Coop nodded. “Yeah. Which is probably why I got divorced about a year ago.”

I turned toward him, my mouth dry. “You did?” He looked down at his shoes, at the rush of the creek; and I wondered why it was so easy to speak of Katie, and so difficult to speak of ourselves. “Coop, I'm sorry.”

He reached out to the bark of a tree and plucked off a neon inchworm, which curled tight as a drum in the hollow of his palm. “We all make mistakes,” Coop said softly. He reached for my hand and held it up beside his, just as the worm began to move; traveling, stretching, a small bright bridge between us.

It took me a half hour to convince Sarah that if I left Katie in her custody for the morning, I wouldn't be breaking any laws, and chances were incredibly slim that any representative of the court would come ambling by to realize I wasn't around. “Look,” I said finally, “if you want me to gather up a defense strategy for Katie, I need flexibility.”
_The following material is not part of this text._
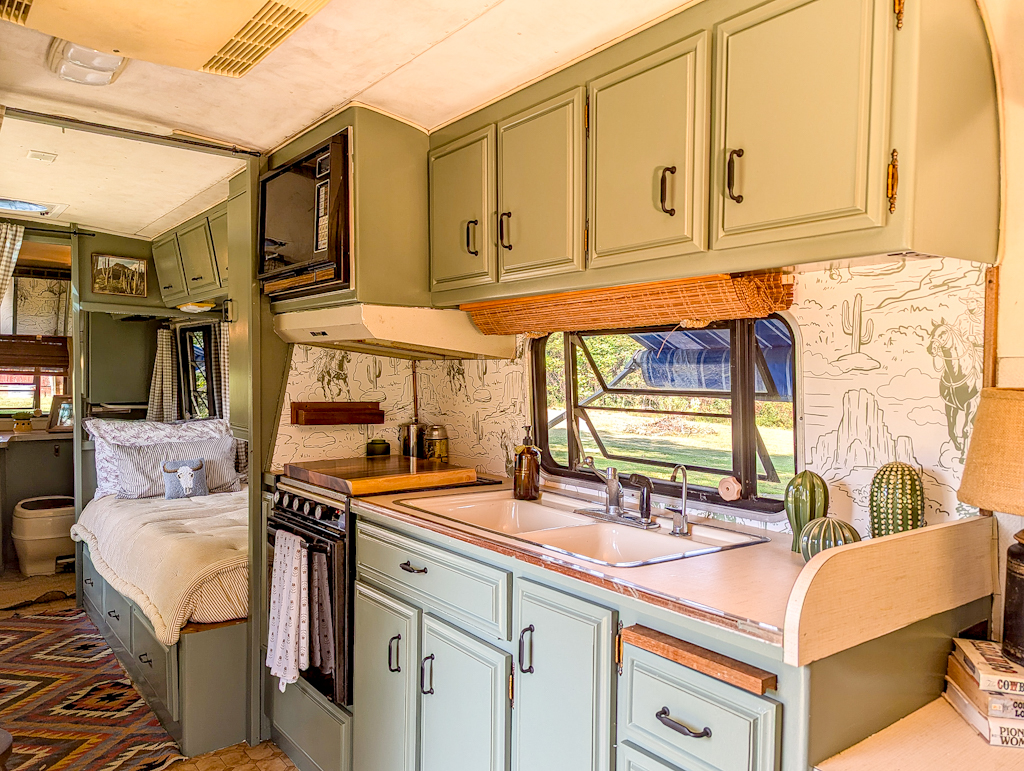 - “Dried Thyme” painted cabinetry, new hardware and “American West” wallpaper throughout

“Dr. Cooper drove out here,” Sarah fretted.

“Dr. Cooper doesn't have to bring half a million dollars' worth of laboratory equipment with him,” I explained. In fact, I had worked so hard just to guarantee myself the two hours I needed to meet with Dr. Owen Zeigler that I was faintly disappointed to realize I had no desire to be in the neonatal pathology lab at the University of Pennsylvania Medical Center. I kept thinking of sick infants, dead infants, infants born at risk to women over forty, and all I wanted to do was hightail it back to the Fishers' farm.

Owen, a man with whom I'd worked once in the past, had a Moon Pie face, a bright bald head, and a round middle that balanced on his knees whenever he hiked himself up onto one of the high stools in front of the microscopes. “The placental culture showed mixed flora, including diphtheroids,” he said. “Which basically means there was crap floating around.”

“Are you saying it might have affected the results?”

“No. It's perfectly normal, considering the placenta had been lying around in a barn.”

I narrowed my eyes. “Then tell me something that's abnormal.”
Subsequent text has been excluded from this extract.